Béatrice Jeanine Atallah (born 17 August 1959) is a Malagasy politician from Lebanese origins who has served as Madagascar's Minister of Foreign Affairs since January 2015 until August 2017.

==Early life and education==
Atallah was born in 1959 in Anosy. Her father was a senior official in the colonial administration and she therefore has dual Malagasy and French citizenship. She has master's degree in private law (1988) and a certificate in Diplomatic Studies from the Centre for Strategic and Diplomatic Studies (2009).

==Career==
Atallah was a magistrate, spending three years on the Antananarivo Court of Appeal, and claims to be apolitical.
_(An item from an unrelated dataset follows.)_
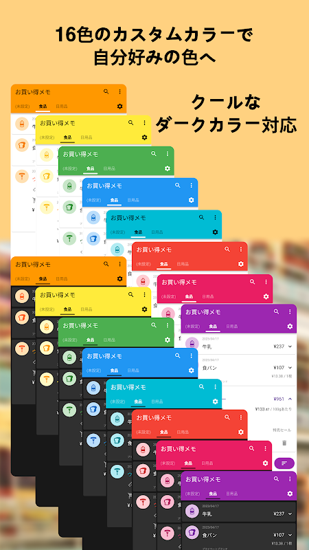 商品の「お買い得!」と思う値段や底値、最安価格、セール価格をメモしておけば忘れません。お店や数量・容量もメモできるから、単位あたりのお値段も簡単計算!簡単比較!

Atallah was a member of the National Electoral Council from 2002 until 2009, and an advisor to then-Minister of Finance Hery Rajaonarimampianina from 2009 to 2013, before being appointed to chair the Commission for Elections from December 2013 until January 2015, managing the 2013 election which was won by Rajaonarimampianina. There were some allegations of "illicit" disbursements of commission funds raised against her, which she denied.

Atallah was appointed as Minister of Foreign Affairs on 25 January 2015 in the government of Jean Ravelonarivo. She was reappointed in April 2016 by Olivier Mahafaly Solonandrasana. She is the chair of the Indian Ocean Commission.